• Exercise brief: The copy has to match the data exactly and leave out every picture.

• Data section:
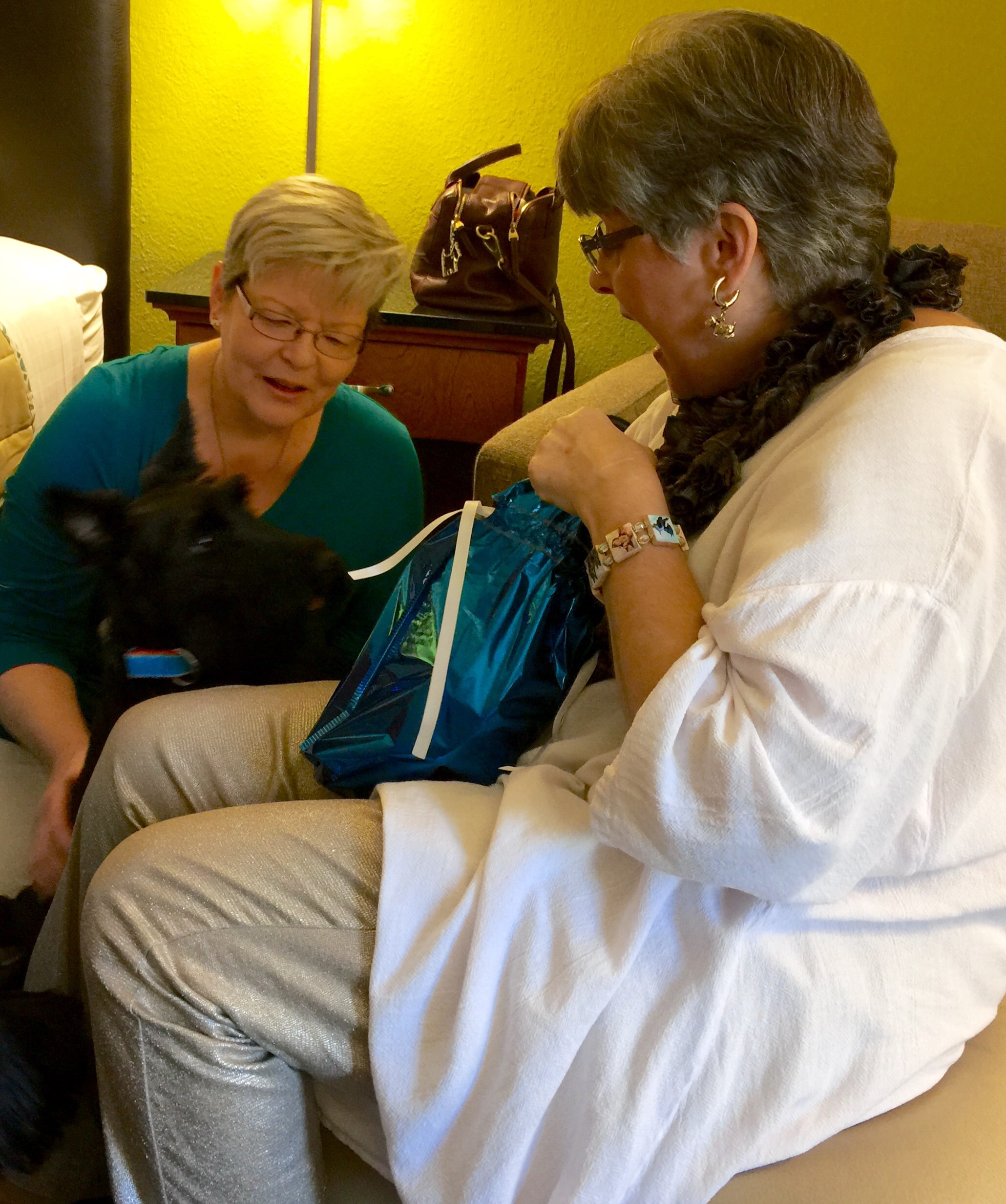 It was another great evening with Scottie friends before Mom’s Tuesday tests. Leah McIntosh and Barbara Brandt came by to see us.
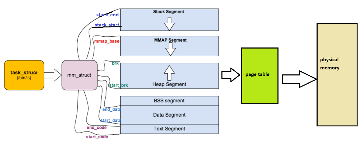 vm_area_struct :描述单个内存区域的具体细节,每个 vm_area_struct 描述进程地址空间中 一段连续的内存区域。
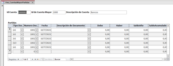 Anexo imagen del Formulario Principal, el cual tiene el SubFrm_Partidas

• Answer for this exercise:
 It was another great evening with Scottie friends before Mom’s Tuesday tests. Leah McIntosh and Barbara Brandt came by to see us.
 vm_area_struct :描述单个内存区域的具体细节,每个 vm_area_struct 描述进程地址空间中 一段连续的内存区域。
 Anexo imagen del Formulario Principal, el cual tiene el SubFrm_Partidas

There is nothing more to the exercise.